REQUIRED ACTION: Transcribe exactly the span of lines that begins the records and ends with the line holding "衣都精品- 新款超彈顯瘦百搭魚鱗款褶皺背心上衣", both boundary lines included.

(Extracted records)

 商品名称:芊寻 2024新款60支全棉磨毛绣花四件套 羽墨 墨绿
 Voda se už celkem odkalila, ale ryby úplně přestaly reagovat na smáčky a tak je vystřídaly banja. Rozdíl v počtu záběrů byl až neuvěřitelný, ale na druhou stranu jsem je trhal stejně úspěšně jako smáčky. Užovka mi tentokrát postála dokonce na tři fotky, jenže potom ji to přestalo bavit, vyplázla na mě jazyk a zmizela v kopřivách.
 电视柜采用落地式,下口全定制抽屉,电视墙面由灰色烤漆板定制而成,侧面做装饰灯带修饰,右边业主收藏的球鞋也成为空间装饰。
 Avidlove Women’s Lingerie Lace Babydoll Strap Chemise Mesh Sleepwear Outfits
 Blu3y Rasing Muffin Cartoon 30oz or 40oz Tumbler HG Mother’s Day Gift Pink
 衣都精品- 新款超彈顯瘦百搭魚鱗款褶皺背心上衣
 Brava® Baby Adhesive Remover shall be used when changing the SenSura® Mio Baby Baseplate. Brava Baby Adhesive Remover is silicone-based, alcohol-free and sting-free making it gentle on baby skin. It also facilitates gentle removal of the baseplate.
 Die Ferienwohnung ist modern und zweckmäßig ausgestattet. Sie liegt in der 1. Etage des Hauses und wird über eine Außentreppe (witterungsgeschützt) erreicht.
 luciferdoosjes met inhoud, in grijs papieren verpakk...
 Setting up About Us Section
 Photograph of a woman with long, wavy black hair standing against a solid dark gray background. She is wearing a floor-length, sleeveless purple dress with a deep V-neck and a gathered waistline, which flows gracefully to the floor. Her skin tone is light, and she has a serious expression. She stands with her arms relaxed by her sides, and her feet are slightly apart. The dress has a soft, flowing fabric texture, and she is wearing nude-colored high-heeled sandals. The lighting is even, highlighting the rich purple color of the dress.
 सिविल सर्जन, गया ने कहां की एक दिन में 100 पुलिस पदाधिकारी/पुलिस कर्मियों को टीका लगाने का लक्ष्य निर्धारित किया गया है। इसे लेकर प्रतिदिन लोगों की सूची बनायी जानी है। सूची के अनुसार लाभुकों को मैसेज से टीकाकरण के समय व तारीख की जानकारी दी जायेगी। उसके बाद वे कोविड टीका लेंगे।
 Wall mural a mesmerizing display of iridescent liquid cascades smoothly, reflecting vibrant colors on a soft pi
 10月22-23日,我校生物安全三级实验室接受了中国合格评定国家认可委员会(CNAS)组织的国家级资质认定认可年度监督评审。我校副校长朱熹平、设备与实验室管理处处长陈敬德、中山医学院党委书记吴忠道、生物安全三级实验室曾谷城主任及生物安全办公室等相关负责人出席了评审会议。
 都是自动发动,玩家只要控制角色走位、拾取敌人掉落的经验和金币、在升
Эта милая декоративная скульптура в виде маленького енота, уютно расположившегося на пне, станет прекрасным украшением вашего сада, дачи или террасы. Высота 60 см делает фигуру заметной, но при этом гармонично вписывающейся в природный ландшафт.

RESULT:
 商品名称:芊寻 2024新款60支全棉磨毛绣花四件套 羽墨 墨绿
 Voda se už celkem odkalila, ale ryby úplně přestaly reagovat na smáčky a tak je vystřídaly banja. Rozdíl v počtu záběrů byl až neuvěřitelný, ale na druhou stranu jsem je trhal stejně úspěšně jako smáčky. Užovka mi tentokrát postála dokonce na tři fotky, jenže potom ji to přestalo bavit, vyplázla na mě jazyk a zmizela v kopřivách.
 电视柜采用落地式,下口全定制抽屉,电视墙面由灰色烤漆板定制而成,侧面做装饰灯带修饰,右边业主收藏的球鞋也成为空间装饰。
 Avidlove Women’s Lingerie Lace Babydoll Strap Chemise Mesh Sleepwear Outfits
 Blu3y Rasing Muffin Cartoon 30oz or 40oz Tumbler HG Mother’s Day Gift Pink
 衣都精品- 新款超彈顯瘦百搭魚鱗款褶皺背心上衣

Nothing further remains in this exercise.